_Extracted data entries_:
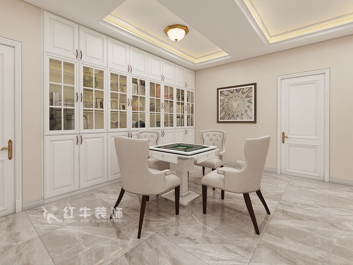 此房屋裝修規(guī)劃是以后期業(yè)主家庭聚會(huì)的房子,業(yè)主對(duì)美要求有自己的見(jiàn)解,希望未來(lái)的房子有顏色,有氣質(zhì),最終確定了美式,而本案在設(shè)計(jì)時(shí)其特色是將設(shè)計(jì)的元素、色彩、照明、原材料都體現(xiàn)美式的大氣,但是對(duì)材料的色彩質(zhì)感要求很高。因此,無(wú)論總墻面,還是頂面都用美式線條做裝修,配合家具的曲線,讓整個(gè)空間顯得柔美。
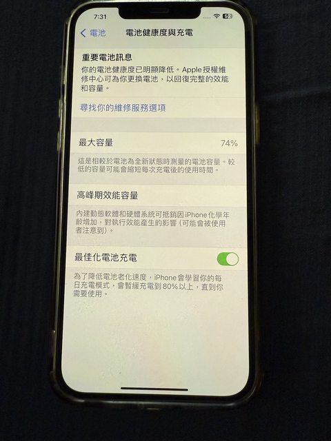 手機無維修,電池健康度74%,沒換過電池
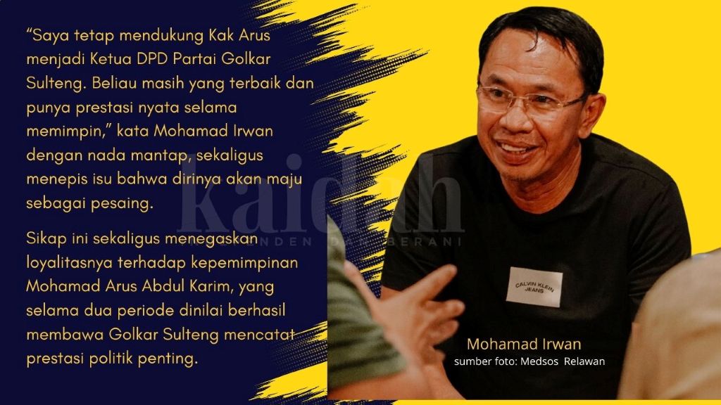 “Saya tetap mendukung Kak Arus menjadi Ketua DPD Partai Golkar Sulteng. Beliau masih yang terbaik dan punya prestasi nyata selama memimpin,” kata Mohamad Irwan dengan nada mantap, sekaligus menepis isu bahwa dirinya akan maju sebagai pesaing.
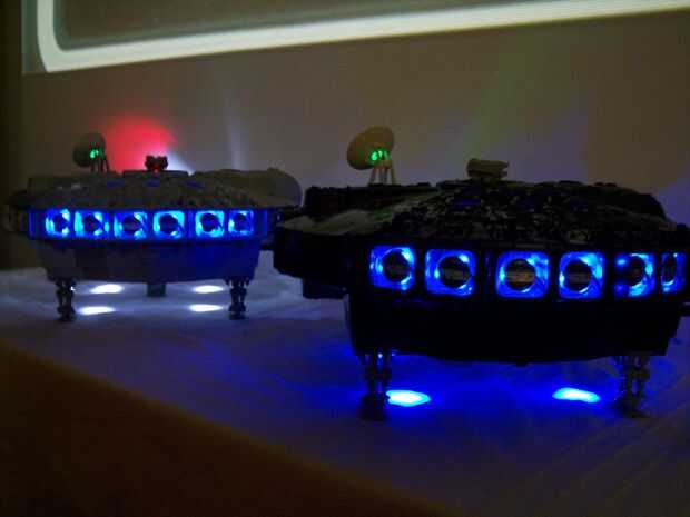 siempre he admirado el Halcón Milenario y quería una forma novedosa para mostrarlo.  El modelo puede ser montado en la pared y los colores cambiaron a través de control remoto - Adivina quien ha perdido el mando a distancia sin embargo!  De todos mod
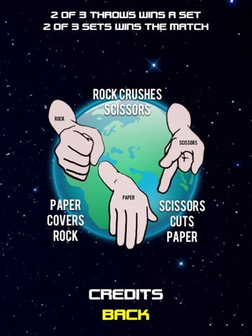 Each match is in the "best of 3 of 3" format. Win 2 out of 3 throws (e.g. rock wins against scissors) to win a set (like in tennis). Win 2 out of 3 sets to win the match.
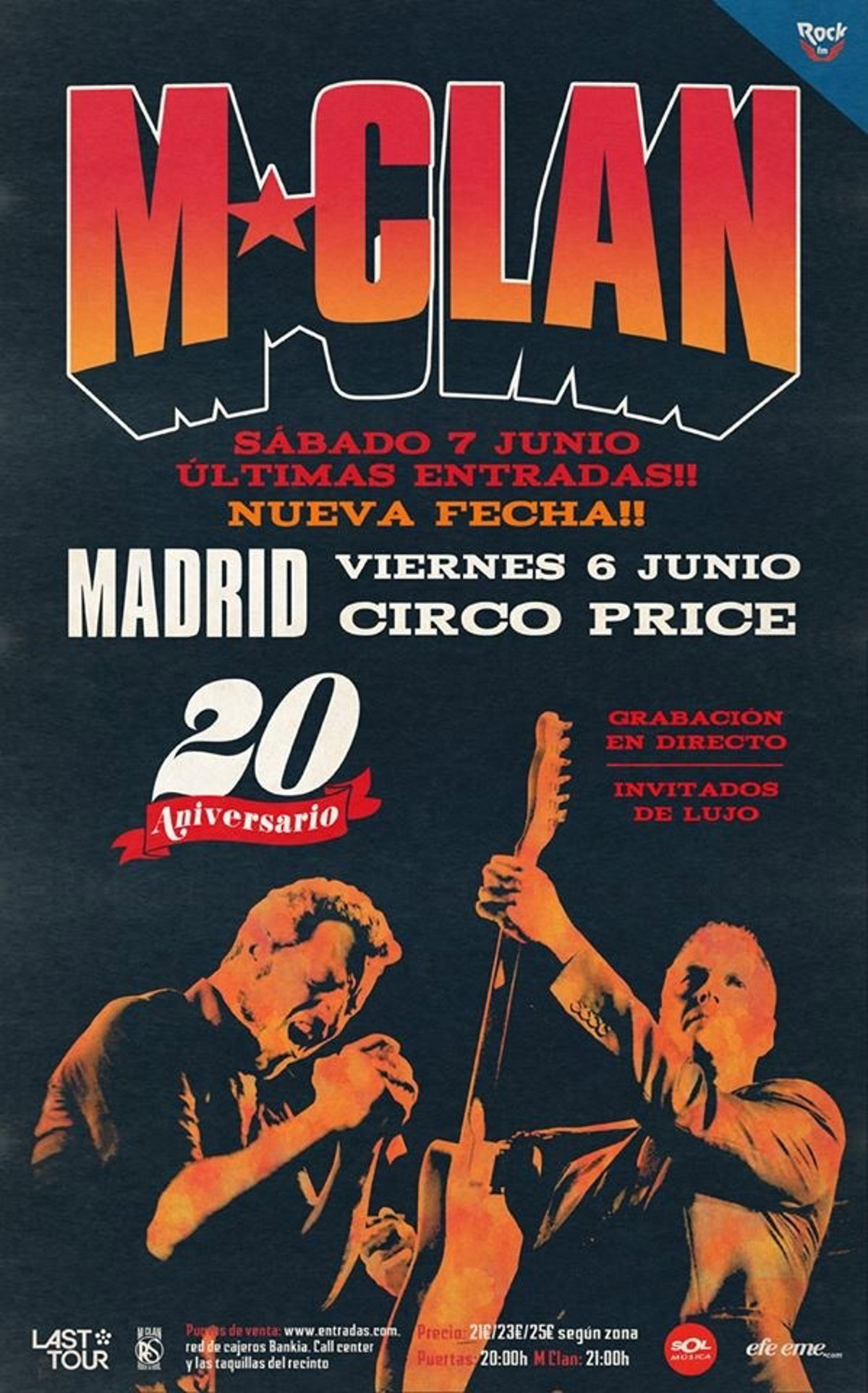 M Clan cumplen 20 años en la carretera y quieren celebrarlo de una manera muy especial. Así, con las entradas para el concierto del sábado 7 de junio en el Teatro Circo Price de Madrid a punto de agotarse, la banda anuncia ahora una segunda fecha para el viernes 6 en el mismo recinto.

_TASK PROMPT_:
Copy out each line of the data exactly as it reads; skip the pictures.

_OUTPUT_:
 此房屋裝修規(guī)劃是以后期業(yè)主家庭聚會(huì)的房子,業(yè)主對(duì)美要求有自己的見(jiàn)解,希望未來(lái)的房子有顏色,有氣質(zhì),最終確定了美式,而本案在設(shè)計(jì)時(shí)其特色是將設(shè)計(jì)的元素、色彩、照明、原材料都體現(xiàn)美式的大氣,但是對(duì)材料的色彩質(zhì)感要求很高。因此,無(wú)論總墻面,還是頂面都用美式線條做裝修,配合家具的曲線,讓整個(gè)空間顯得柔美。
 手機無維修,電池健康度74%,沒換過電池
 “Saya tetap mendukung Kak Arus menjadi Ketua DPD Partai Golkar Sulteng. Beliau masih yang terbaik dan punya prestasi nyata selama memimpin,” kata Mohamad Irwan dengan nada mantap, sekaligus menepis isu bahwa dirinya akan maju sebagai pesaing.
 siempre he admirado el Halcón Milenario y quería una forma novedosa para mostrarlo.  El modelo puede ser montado en la pared y los colores cambiaron a través de control remoto - Adivina quien ha perdido el mando a distancia sin embargo!  De todos mod
 Each match is in the "best of 3 of 3" format. Win 2 out of 3 throws (e.g. rock wins against scissors) to win a set (like in tennis). Win 2 out of 3 sets to win the match.
 M Clan cumplen 20 años en la carretera y quieren celebrarlo de una manera muy especial. Así, con las entradas para el concierto del sábado 7 de junio en el Teatro Circo Price de Madrid a punto de agotarse, la banda anuncia ahora una segunda fecha para el viernes 6 en el mismo recinto.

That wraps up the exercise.